En las antiguas religiones se pensaba que ciertas estatuas, piedras, edificios o lugares poseían fuerzas misteriosas y sobrehumanas que se imponían amenazadoras al hombre. Cristo nos ha liberado de ese mundo tenebroso y espeluznante. El terror de lo sacro es uno de los aspectos de la "esclavitud a lo elemental" de que habla san Pablo (Gál 4,3). Creemos en un solo Dios, y Cristo nos ha revelado que su rostro es de padre, no de tirano. En el Evangelio de Marcos opone Jesús la fe al miedo o al temor, como en el caso de Jairo: "No temas, basta que tengas fe" (5,36). Cuando se acerca a los discípulos andando sobre el agua, gritan de susto, pero Jesús no acepta el miedo como reacción a su persona: "Ánimo, soy yo, no tengáis miedo" (6,50). La fe, que hace conocer a Dios en Jesucristo que lo revela, suprime el terror de las antiguas religiones: "Gracias a Cristo tenemos libre acceso (ante Dios) con la confianza que da la fe en él" (Ef 3,12).

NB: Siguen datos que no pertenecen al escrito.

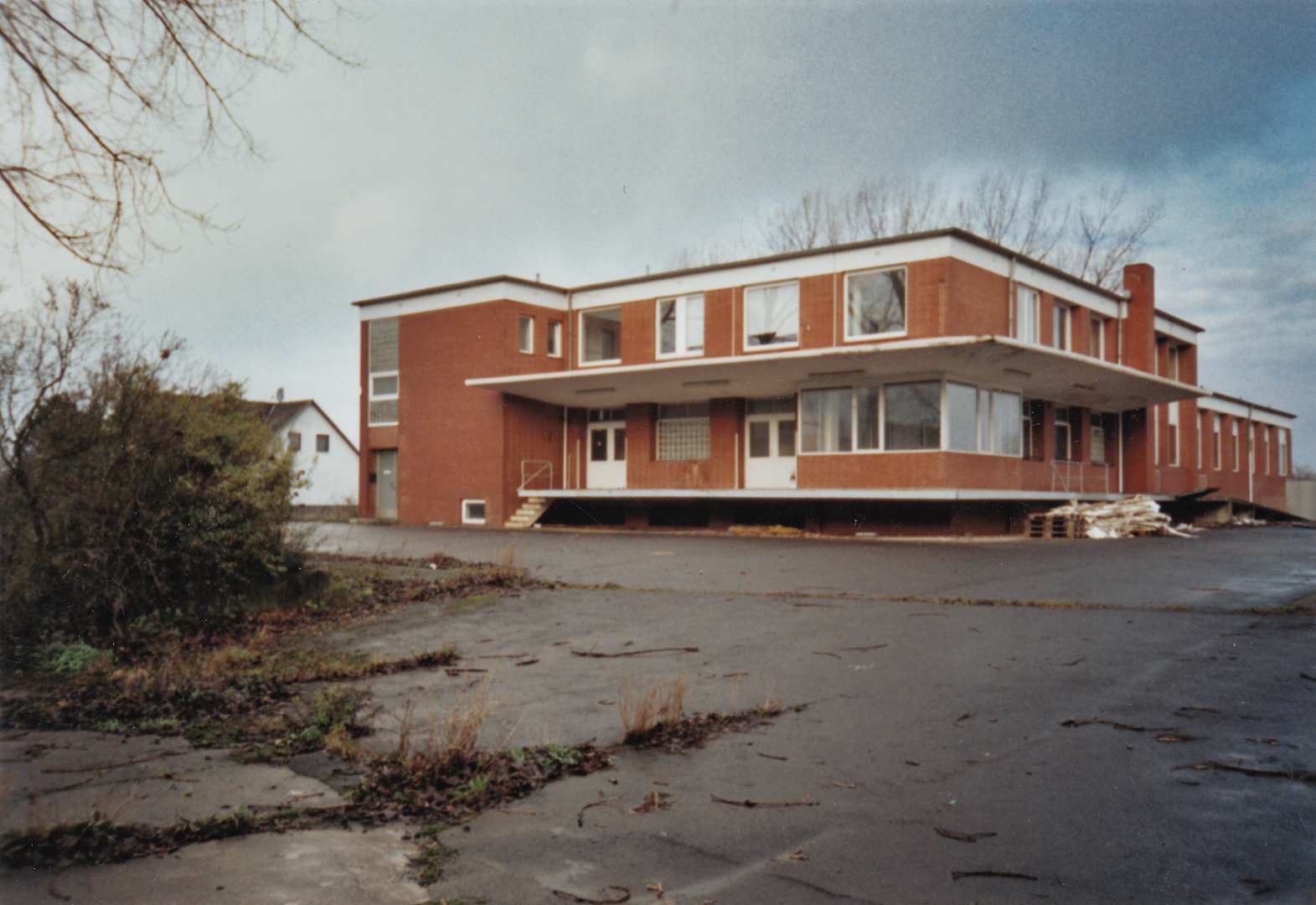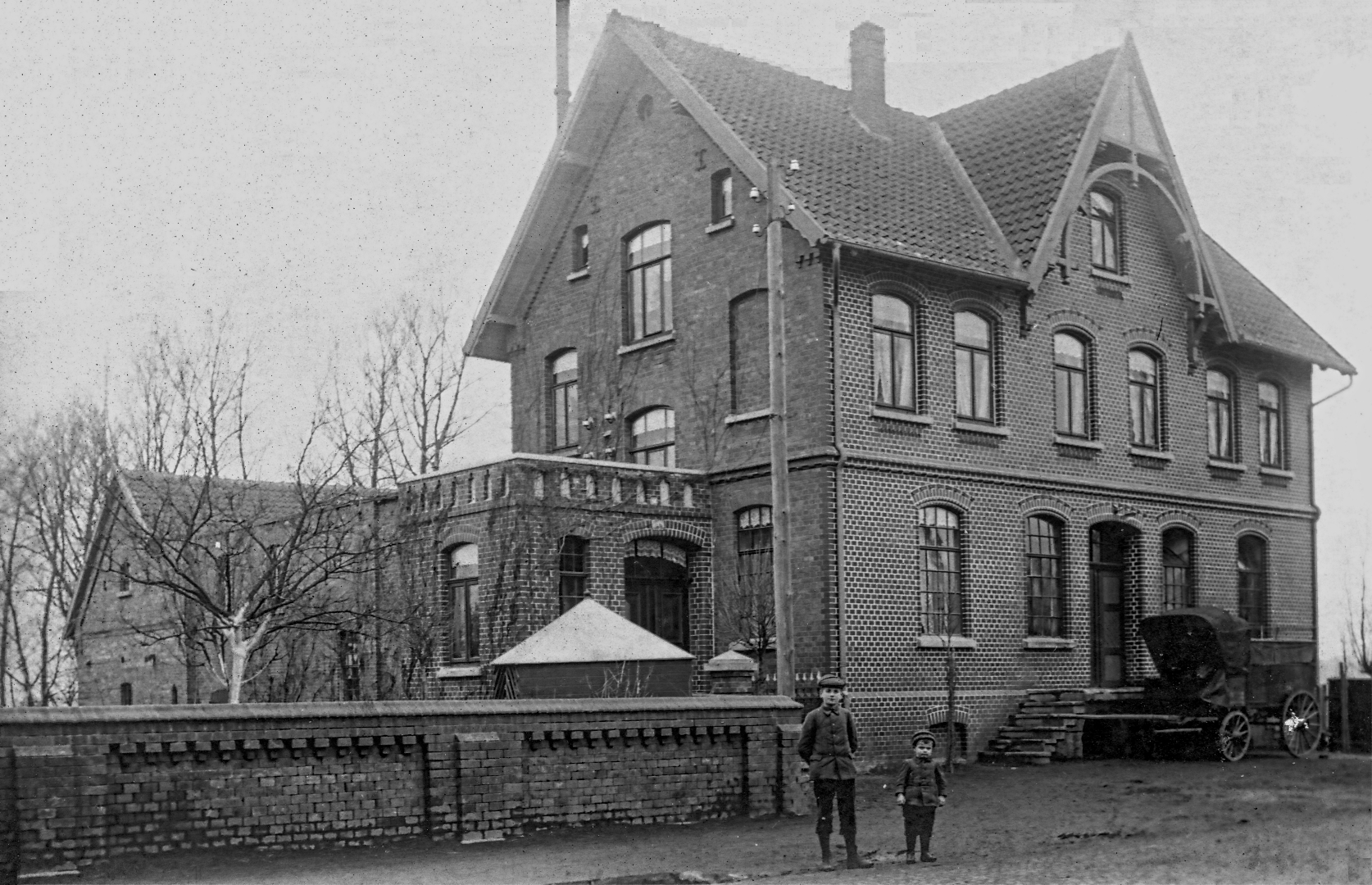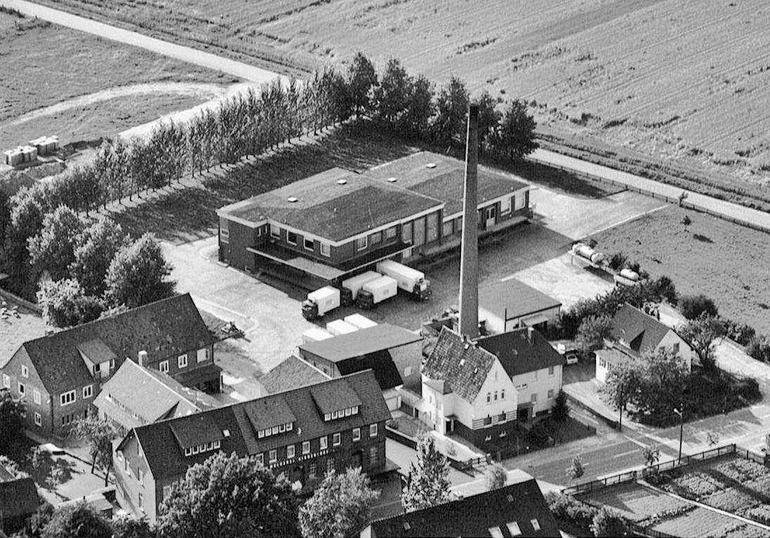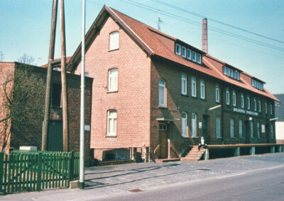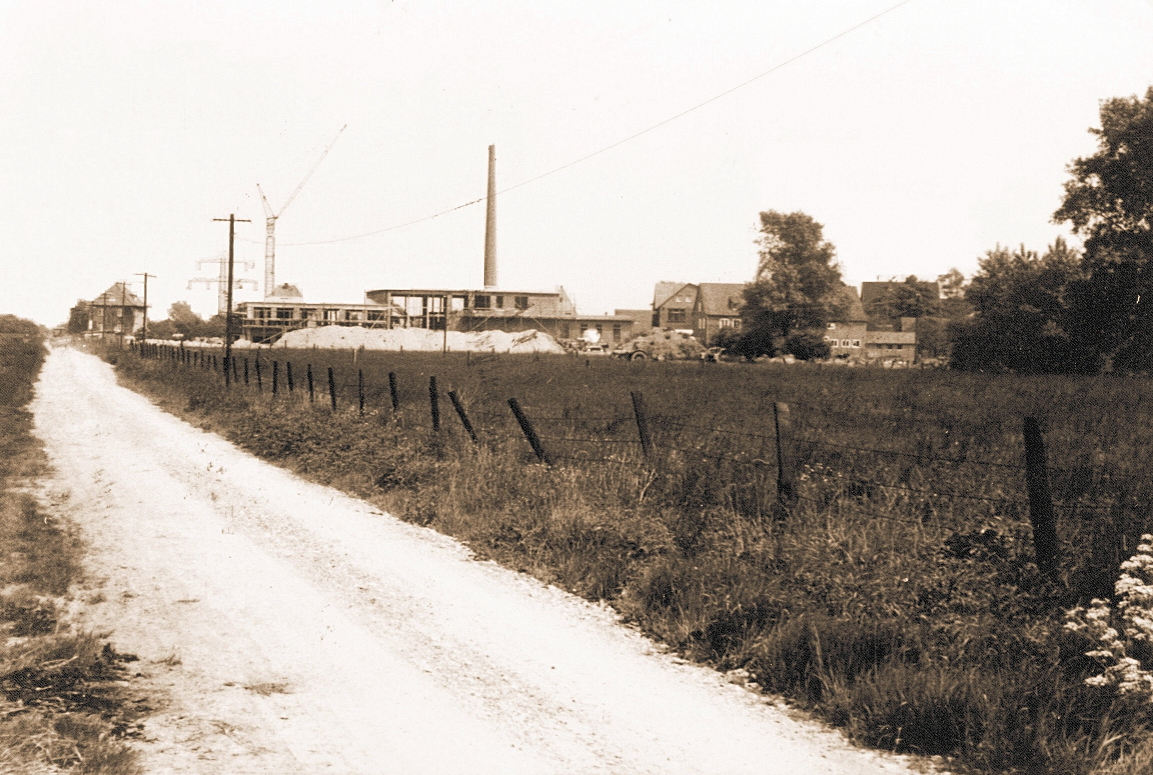 Die 2. Erweiterung in Richtung der Dorfmitte erfolgte Mitte der fünfziger Jahre und endete 1957 mit der neuen Haustür (ganz links), dem Bau der Leerguthalle (Richtung Hof) und dem Wohnungsausbau für Frau Binnewies. Das Kesselhaus mit Schornstein auf der anderen Landwehrseite wurde erst nach Kriegsende gebaut.

En frase de san Pablo, "no es la comida lo que nos recomienda ante Dios: ni por privarnos de algo somos menos ni por comerlo somos más" (1 Cor 8,8). Lo mismo puede afirmarse de toda otra criatura. Ninguna tiene poder por sí misma para hacernos más o menos a los ojos de Dios; pueden ayudarnos, en cambio, si encarnan una expresión de lo que somos. Pero hemos de tener cuidado de no arrodillarnos ante la obra de nuestras manos; ayuda subordinada a nosotros, bien; ídolo, proyección nuestra, ante el que nos curvamos como si fuera superior a nosotros, nunca. Habríamos salido del ámbito del cristianismo.
Las bendiciones de objetos: casas, velas, palmas, etc., pueden ser ocasiones de expresar la fe. Pero atribuirles además la infusión en el objeto de una divina virtud estable y eficaz por sí misma, nos parece que sería atravesar el lingero de la magia.